# My boy's first fish



## hunting777 (May 3, 2009)

It was a slow day out on lake, but my boy catching this the biggest fish of the day made it all worth it. We got the fish hooked and let him reel it in, seemed like forever. What do you expect for a 2 and a half year old. Got the hook out tried letting my boy hold the fish, but he freaked out as you can see. Great day of fishing though.


----------



## mjschijf (Oct 1, 2007)

That's awesome! Congrats to your boy, and good job getting him into his first fish!

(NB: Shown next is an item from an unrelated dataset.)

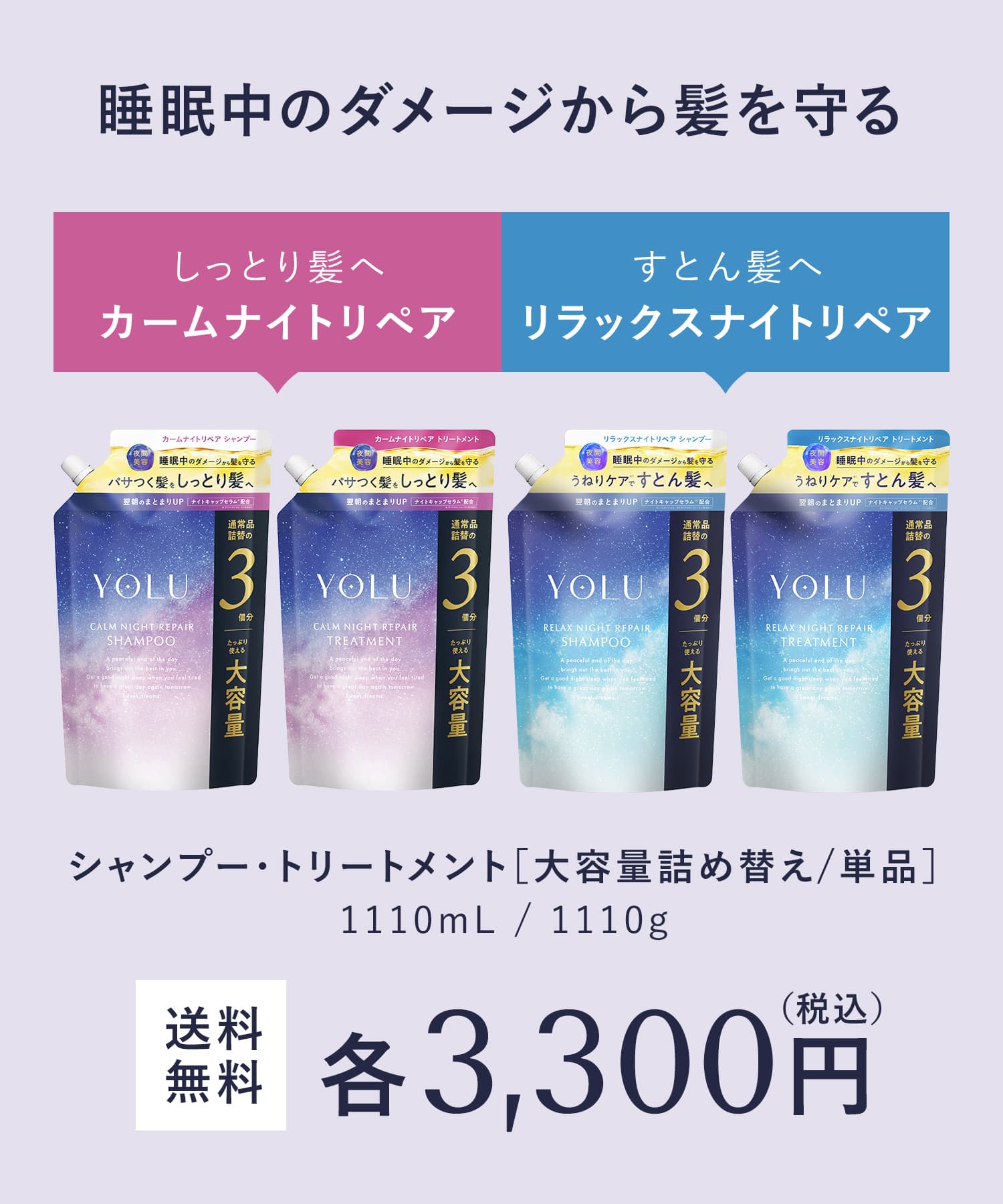 【送料無料】YOLU(ヨル)ナイトリペアシャンプー・トリートメント【3倍大容量詰替】

I still remember my first fish. I was only 3 or 4 years old and also freaked out when my dad made me hold it. :lol:


----------



## LOAH (Sep 29, 2007)

Hey, that's a pretty good fish!

Good job, Dad.


----------



## REPETER (Oct 3, 2007)

Beauty! Where did you go if you don't mind me asking? Looks like a cold day out on the lake


----------



## Al Hansen (Sep 7, 2007)

8)


----------



## Pavlik (Sep 11, 2007)

You need to start them younger. That way they will not be so scared of the fish.


----------



## B-randon (Dec 12, 2009)

That's what its all about


----------



## Pez Gallo (Dec 27, 2007)

Congrats to you and your boy!


----------



## fixed blade XC-3 (Sep 11, 2007)

Well it's all over now. In about 4 years He will catch not only more, but way bigger fish than you ever time you take him out. In about 6 more years he'll start rubbing it in. :lol: (How much better of a fisherman he is than you.)


----------



## hunting777 (May 3, 2009)

REPETER said:


> Where did you go if you don't mind me asking? Looks like a cold day out on the lake


 we was up to bear lake, It was a pretty cold day out on the lake. but we all kept warm though. The main reason we was up there is because were rewarding my boy for him finally getting potty trained, we told him that if he kept doing his business (if you know what i mean) that we would take him fishing on grandpa's boat and it worked. he was trained two weeks after, plus it gave me an excuse with the wife to go fishing and you can't beat that.


----------



## kochanut (Jan 10, 2010)

to cool! he'll remember it for a long long time!


----------